» REQUIREMENT:
Copy out the data word for word, without any of its pictures.

» SOURCE DATA:
============================================================

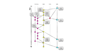 Git y GitHub son sistemas de control de versiones distribuidos. Git permite a los desarrolladores trabajar de forma paralela en ramas y compartir cambios a través de solicitudes de extracción. GitHub es una plataforma para alojar proyectos Git y revisar código de manera colaborativa. El documento explica conceptos clave como bifurcaciones, confirmaciones, solicitudes de extracción y fusiones, y cómo Git y GitHub permiten que los desarrolladores contribuyan y colaboren en proyectos de software de manera distribuida.
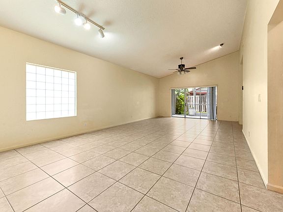 Welcome to this charming single-story home, perfectly situated in the desirable Wellington Downs community. This inviting residence features 3 bedrooms and 2 full bathrooms, offering a seamless blend of modern updates and classic comfort. As you step through the front door, a welcoming foyer leads to a beautifully updated kitchen on your left, complete with gleaming granite countertops, pristine white cabinets, and a cozy breakfast area--ideal for your morning coffee. The main living and dining areas combine to create an expansive, open space, enhanced by soaring vaulted ceilings that create a bright and airy atmosphere. The home's functional layout is complemented by elegant tiled flooring that extends throughout, offering both durability and a cohesive aesthetic. The bedrooms all feature ample closet space, providing plenty of storage. The master bedroom is a private sanctuary, boasting a walk-in closet and an ensuite bathroom. For ultimate convenience and a touch of luxury, the master bedroom also provides direct sliding door access to the back patio. A dedicated laundry room adds to the home's practical appeal, making daily chores effortless. Step outside to discover your private oasis: a screened patio that is perfect for year-round enjoyment, overlooking a fenced backyard that provides a secure space for play or relaxation. Enjoy the peace of mind that comes with a home that has been lovingly maintained, featuring an updated kitchen and bathrooms, as well as a newer A/C unit installed in 2019. The HOA takes care of yard maintenance, freeing up your time to enjoy the community's resort-style amenities, including a pool and tennis court. With a prime Wellington location, this home is within walking distance of the community center, shopping, and dining, and just minutes from all the area has to offer.
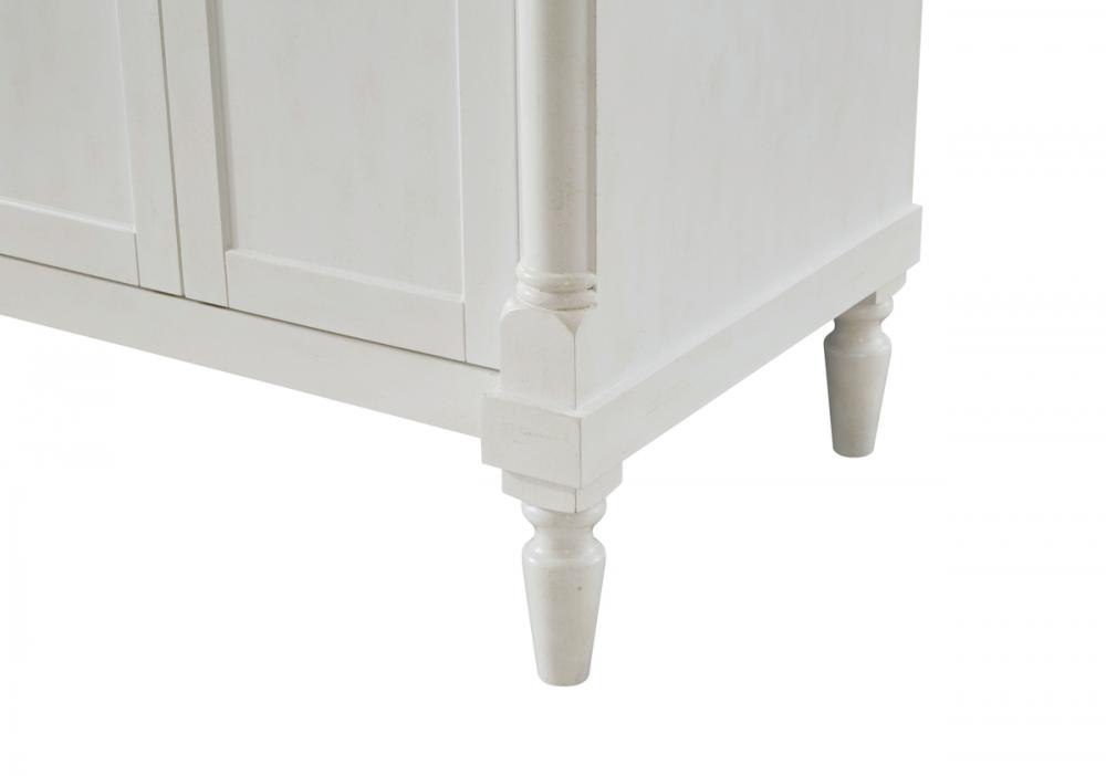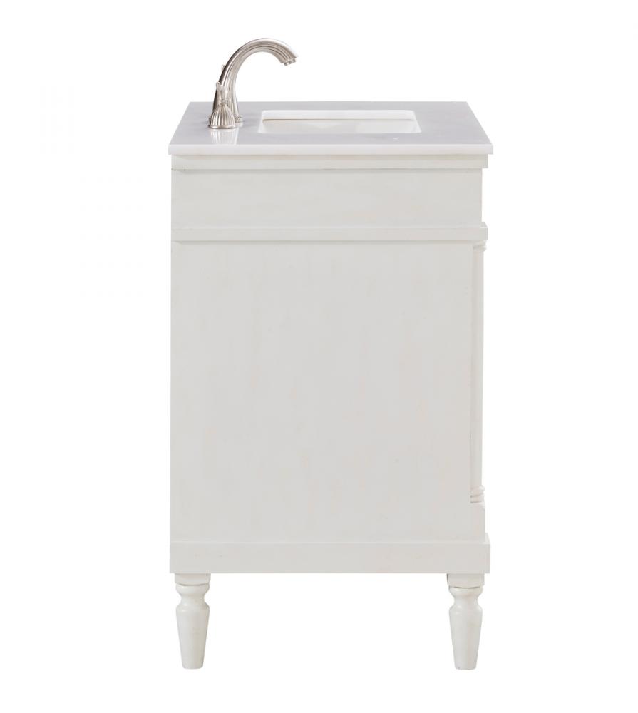 This Traditionally styled, yet fashionably designed vanity can add distinction and grace to your home or office bathroom. Beautifully combining a lustrous natural white marble countertop with a large rectangular white porcelain under mount sink, and a hand painted antique white 2-door cabinet with a shelf inside, brushed steel door pulls, standing on turned, tapering legs. You’ll enjoy its charming allure for many years to come. Measurements: W30” x D21” x H35”
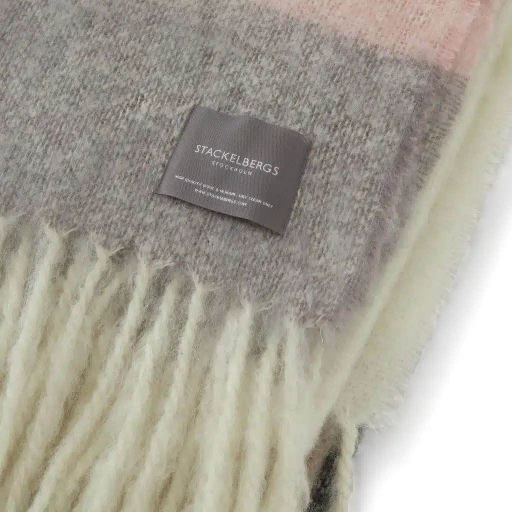 Stackelbergs Mohair Pläd Stripe Brown, Black & Rose 140 x 180 cm
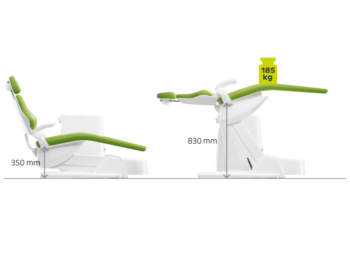 - Кресло для пациента с плавной регулировкой (нижнее положение: 350 мм; верхнее положение: 830 мм)
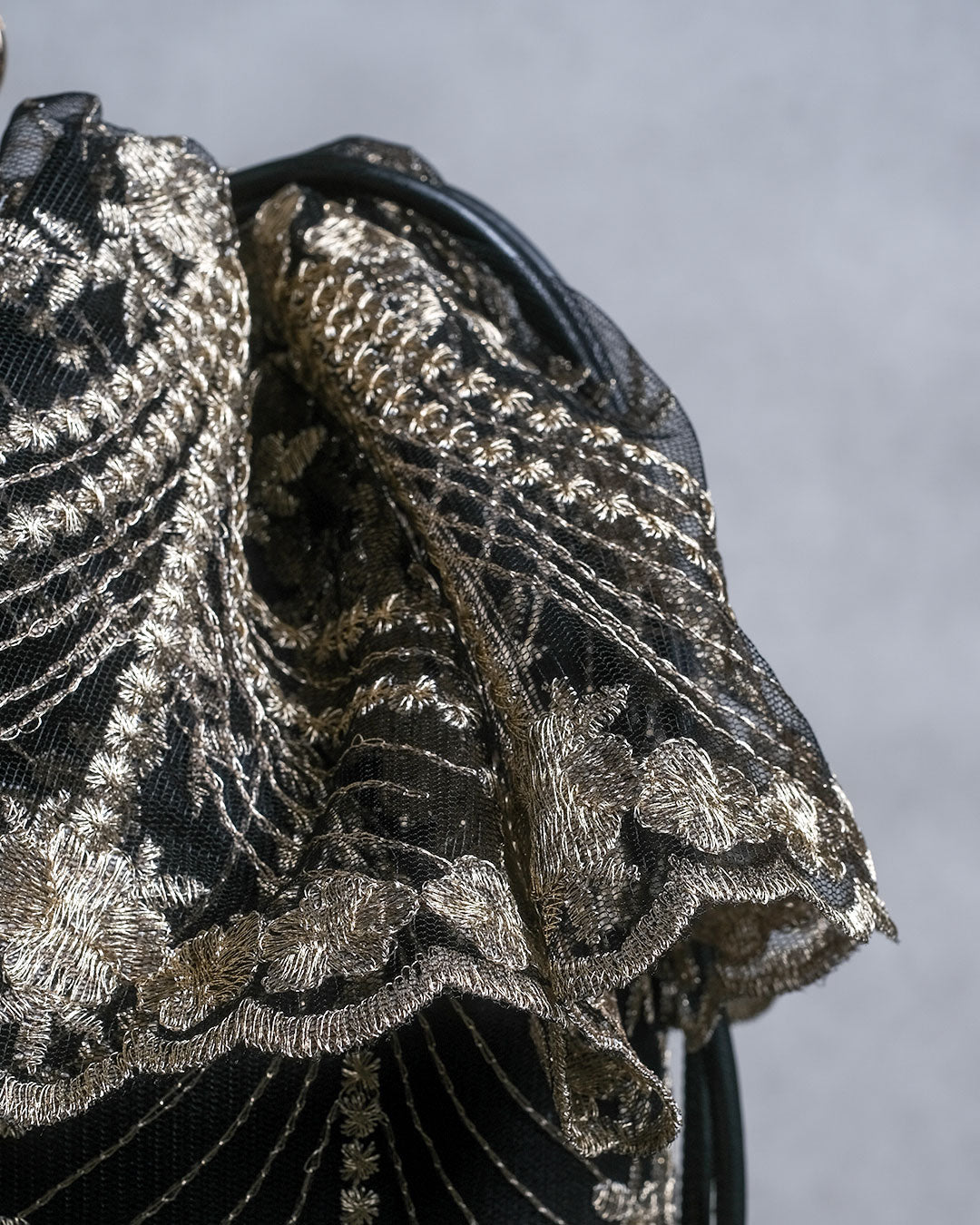 上品な刺繍レースと存在感のあるタッセルがアクセントとなり、コーディネートに華やかさを添えてくれます。
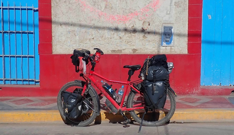 Town is one concrete jungle with almost no green and only dust and pollution. We bike first to the casa the cyclistas to hand-over the key. At the square we already meet the owner Geovanni who says to just enter the building. Big house with a small garden. The concept is that you pay  for what you get when you stay ‘for free’ at the casa (house). This means that Geovanni offers his place to cyclists. Some will give 20 soles, some will give less. So you can imagine he does not have a lot of money to invest in improvements. It is a basic stay. As there is already a Mexican, 2 people from Argentina and a Polish couple the only possibility is to share a room (with nothing in it) with the Mexican guy. Shared facilities outside. As much as we would have loved to chat with the other bikers we kindly decline and look for a room with own bathroom and hot shower and a decent bed.
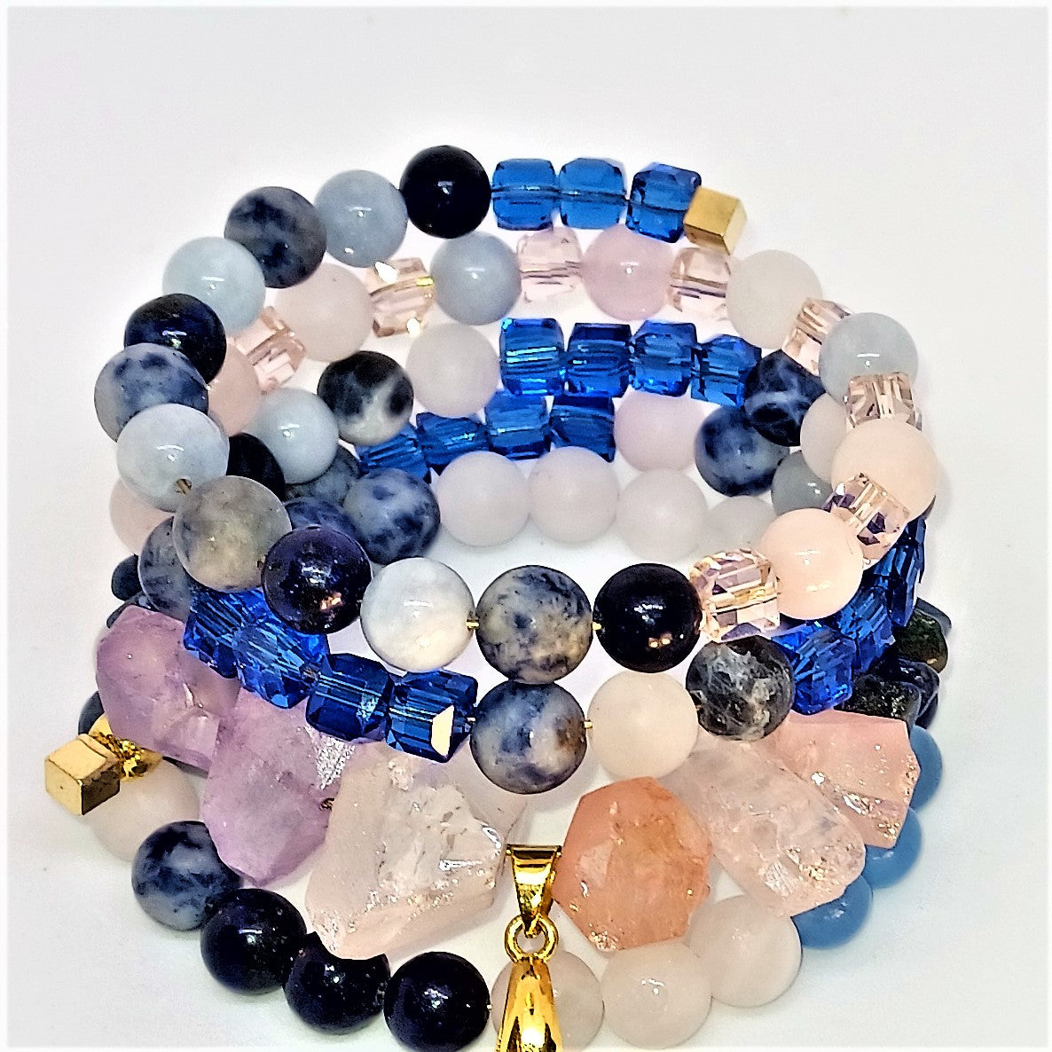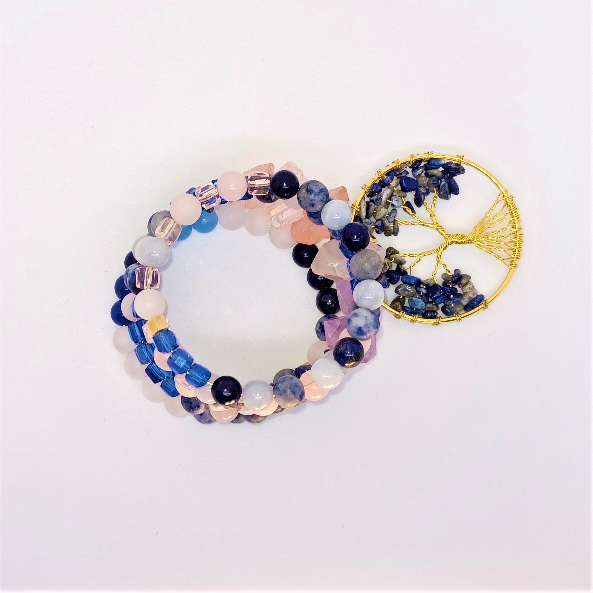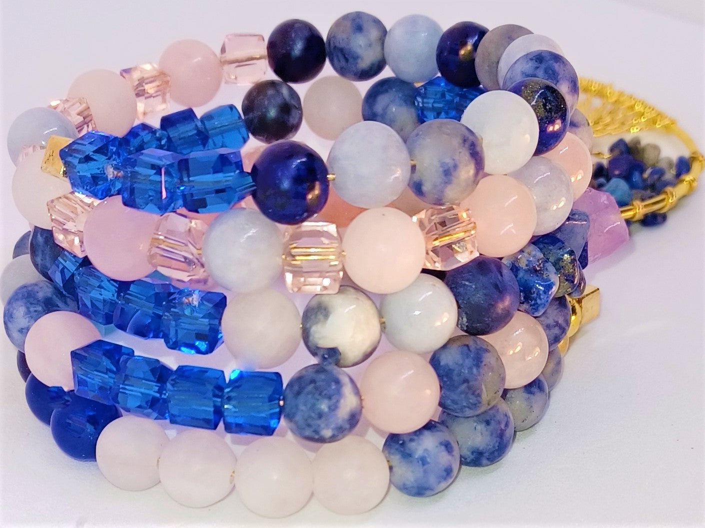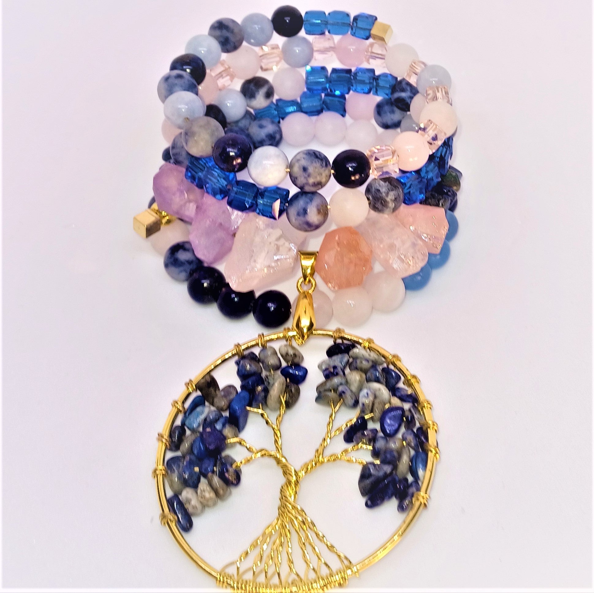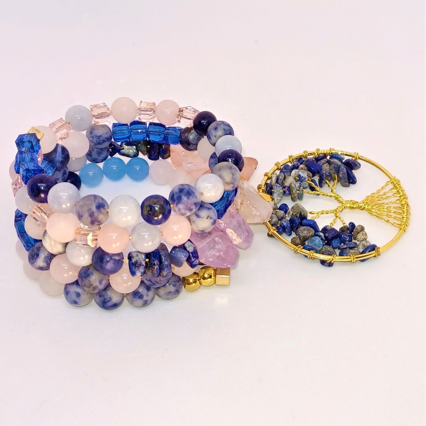 Four plus layers this multilayered bracelet with natural stones of Lapis, Amethyst, Blue Sponge Quartz, Rose Quartz, White Jade and others. These stones have accents of cubed gold, pink and blue crystal beads with Lapis nuggets. Attached to the front of this piece are six pink, white and purple Himalayan Reike crystals along with a gold laced Tree of life Pendant with Lapis nugget stones entwined. A unique piece that we are proud to present.

============================================================

» SOLUTION:
 Git y GitHub son sistemas de control de versiones distribuidos. Git permite a los desarrolladores trabajar de forma paralela en ramas y compartir cambios a través de solicitudes de extracción. GitHub es una plataforma para alojar proyectos Git y revisar código de manera colaborativa. El documento explica conceptos clave como bifurcaciones, confirmaciones, solicitudes de extracción y fusiones, y cómo Git y GitHub permiten que los desarrolladores contribuyan y colaboren en proyectos de software de manera distribuida.
 Welcome to this charming single-story home, perfectly situated in the desirable Wellington Downs community. This inviting residence features 3 bedrooms and 2 full bathrooms, offering a seamless blend of modern updates and classic comfort. As you step through the front door, a welcoming foyer leads to a beautifully updated kitchen on your left, complete with gleaming granite countertops, pristine white cabinets, and a cozy breakfast area--ideal for your morning coffee. The main living and dining areas combine to create an expansive, open space, enhanced by soaring vaulted ceilings that create a bright and airy atmosphere. The home's functional layout is complemented by elegant tiled flooring that extends throughout, offering both durability and a cohesive aesthetic. The bedrooms all feature ample closet space, providing plenty of storage. The master bedroom is a private sanctuary, boasting a walk-in closet and an ensuite bathroom. For ultimate convenience and a touch of luxury, the master bedroom also provides direct sliding door access to the back patio. A dedicated laundry room adds to the home's practical appeal, making daily chores effortless. Step outside to discover your private oasis: a screened patio that is perfect for year-round enjoyment, overlooking a fenced backyard that provides a secure space for play or relaxation. Enjoy the peace of mind that comes with a home that has been lovingly maintained, featuring an updated kitchen and bathrooms, as well as a newer A/C unit installed in 2019. The HOA takes care of yard maintenance, freeing up your time to enjoy the community's resort-style amenities, including a pool and tennis court. With a prime Wellington location, this home is within walking distance of the community center, shopping, and dining, and just minutes from all the area has to offer.
 This Traditionally styled, yet fashionably designed vanity can add distinction and grace to your home or office bathroom. Beautifully combining a lustrous natural white marble countertop with a large rectangular white porcelain under mount sink, and a hand painted antique white 2-door cabinet with a shelf inside, brushed steel door pulls, standing on turned, tapering legs. You’ll enjoy its charming allure for many years to come. Measurements: W30” x D21” x H35”
 Stackelbergs Mohair Pläd Stripe Brown, Black & Rose 140 x 180 cm
 - Кресло для пациента с плавной регулировкой (нижнее положение: 350 мм; верхнее положение: 830 мм)
 上品な刺繍レースと存在感のあるタッセルがアクセントとなり、コーディネートに華やかさを添えてくれます。
 Town is one concrete jungle with almost no green and only dust and pollution. We bike first to the casa the cyclistas to hand-over the key. At the square we already meet the owner Geovanni who says to just enter the building. Big house with a small garden. The concept is that you pay  for what you get when you stay ‘for free’ at the casa (house). This means that Geovanni offers his place to cyclists. Some will give 20 soles, some will give less. So you can imagine he does not have a lot of money to invest in improvements. It is a basic stay. As there is already a Mexican, 2 people from Argentina and a Polish couple the only possibility is to share a room (with nothing in it) with the Mexican guy. Shared facilities outside. As much as we would have loved to chat with the other bikers we kindly decline and look for a room with own bathroom and hot shower and a decent bed.
 Four plus layers this multilayered bracelet with natural stones of Lapis, Amethyst, Blue Sponge Quartz, Rose Quartz, White Jade and others. These stones have accents of cubed gold, pink and blue crystal beads with Lapis nuggets. Attached to the front of this piece are six pink, white and purple Himalayan Reike crystals along with a gold laced Tree of life Pendant with Lapis nugget stones entwined. A unique piece that we are proud to present.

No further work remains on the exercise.